### YOUR OBJECTIVE
Could you please retype exactly the lines from the start of the records below through the line that contains "Bytomianie często stawali", both included, and leave out the pictures?

### Data entries
Content starts

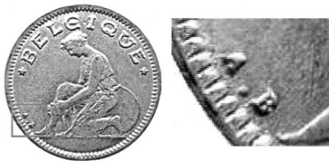
Ініціали А. Боннетена «A.B.» на 50 сантимах 1922–1934 рр.

50 сантиметрів, 1 франк і 2 франки 1922–1935 рр. із зображенням алегорії Бельгії, що лікує рану, розробив Арман Боннетен — відомий бельгійський скульптор, медальєр і гравер з Брюсселя. На 50 сантимах він поставив лише ініціали «A.B.» зліва вздовж буртика біля ноги Бельгії. На 1 і 2 франках на тому ж місці міститься підпис «BONNETAIN».
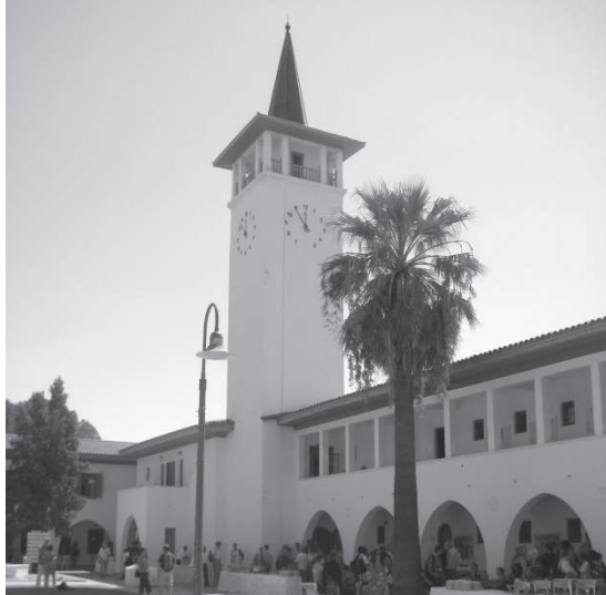
Рис. 1. Навчальний корпус Кіпрського університету

та 6 адміністративних і господарських споруд. Планувальна структура навчальних корпусів галерейного типу, що являє собою групування відкритих терас навколо внутрішніх дворів (рис. 1). Ця об'ємно-планувальна схема будівель відповідає природним умовам Кіпру, адже вона забезпечує орієнтацію приміщень, яка виключає перегрів і необхідність наскрізного провітрювання. Стіни будівель пофарбовані в білий колір, а віконні рами та двері – синьо-блакитні, що є характерним для середземноморського стилю.
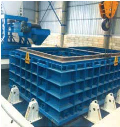
Dây chuyền sản xuất cổng hộp The production line of concrete box
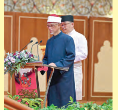
BACAAN doa dipimpin oleh Yang Berhormat Ketua Hakim Syarie (atas) manakala gambar kiri, kiri sekali, bawah kiri dan bawah, sekitar majlis tersebut dan para jemputan yang hadir.
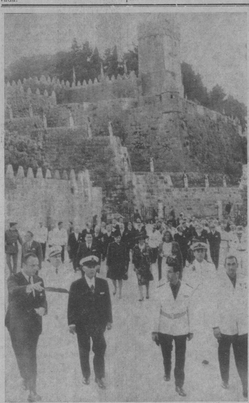
Bayona (Vigo).—El Jefe del Estado, acompañado de su esposa y del ministro de Información y Turismo, recorre las instalaciones del parador de turismo Conde de Gondomar, fortaleza antigua destinada ahora a ser útil en la paz.

Sobre este punto se elabora un ambicioso plan de colaboración entre el Ministerio y la iniciativa privada.
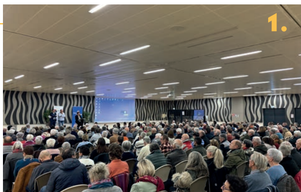
1. Rendez-vous des Mendois à l'Espace Événements Georges Frêche
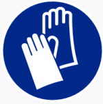
Veiligheidshandschoenen verplicht Protection des mains obligatoire
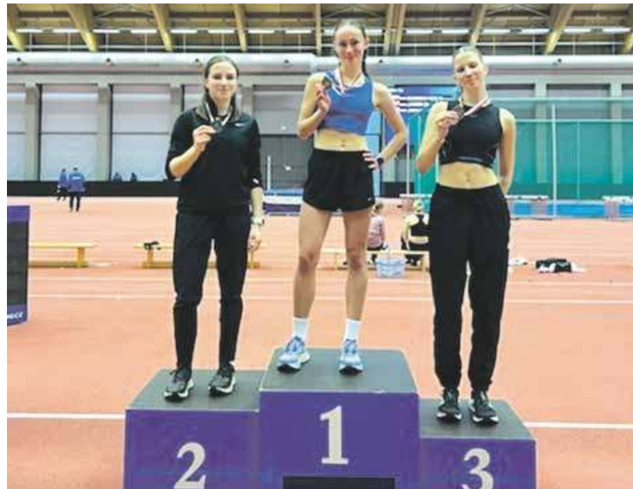
Bytomianie często stawali w Ostrawie na podium
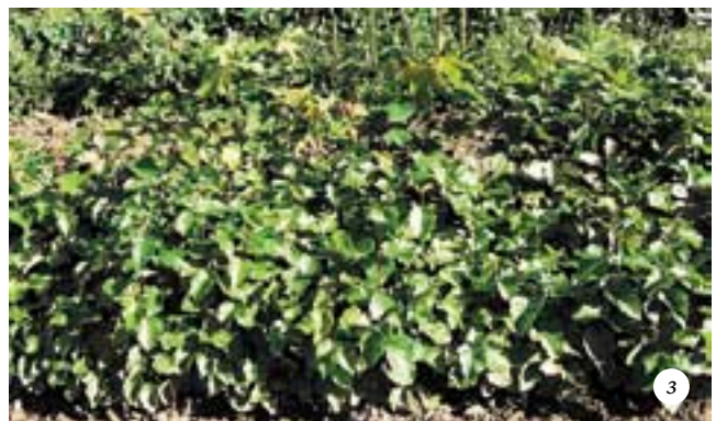
Выращивание березы бородавчатой и серой ольхи: а — смесь семян березы с семенными чешуями (стрелочкой обозначена одна из чешуй); б — всходы березы недельного возраста; в — всходы серой ольхи недельного возраста; г — всходы-дички березы на обочине шоссе; д — всходы березы через месяц после посева семян; е — всходы ольхи через месяц после посева семян; ж — сеянцы березы первого года жизни в середине лета; з — сеянцы березы первого года жизни в начале осени (на среднем плане видны сеянцы ольхи)

Content ends

### TASK SOLUTION
Ініціали А. Боннетена «A.B.» на 50 сантимах 1922–1934 рр.

50 сантиметрів, 1 франк і 2 франки 1922–1935 рр. із зображенням алегорії Бельгії, що лікує рану, розробив Арман Боннетен — відомий бельгійський скульптор, медальєр і гравер з Брюсселя. На 50 сантимах він поставив лише ініціали «A.B.» зліва вздовж буртика біля ноги Бельгії. На 1 і 2 франках на тому ж місці міститься підпис «BONNETAIN».
Рис. 1. Навчальний корпус Кіпрського університету

та 6 адміністративних і господарських споруд. Планувальна структура навчальних корпусів галерейного типу, що являє собою групування відкритих терас навколо внутрішніх дворів (рис. 1). Ця об'ємно-планувальна схема будівель відповідає природним умовам Кіпру, адже вона забезпечує орієнтацію приміщень, яка виключає перегрів і необхідність наскрізного провітрювання. Стіни будівель пофарбовані в білий колір, а віконні рами та двері – синьо-блакитні, що є характерним для середземноморського стилю.
Dây chuyền sản xuất cổng hộp The production line of concrete box
BACAAN doa dipimpin oleh Yang Berhormat Ketua Hakim Syarie (atas) manakala gambar kiri, kiri sekali, bawah kiri dan bawah, sekitar majlis tersebut dan para jemputan yang hadir.
Bayona (Vigo).—El Jefe del Estado, acompañado de su esposa y del ministro de Información y Turismo, recorre las instalaciones del parador de turismo Conde de Gondomar, fortaleza antigua destinada ahora a ser útil en la paz.

Sobre este punto se elabora un ambicioso plan de colaboración entre el Ministerio y la iniciativa privada.
1. Rendez-vous des Mendois à l'Espace Événements Georges Frêche
Veiligheidshandschoenen verplicht Protection des mains obligatoire
Bytomianie często stawali w Ostrawie na podium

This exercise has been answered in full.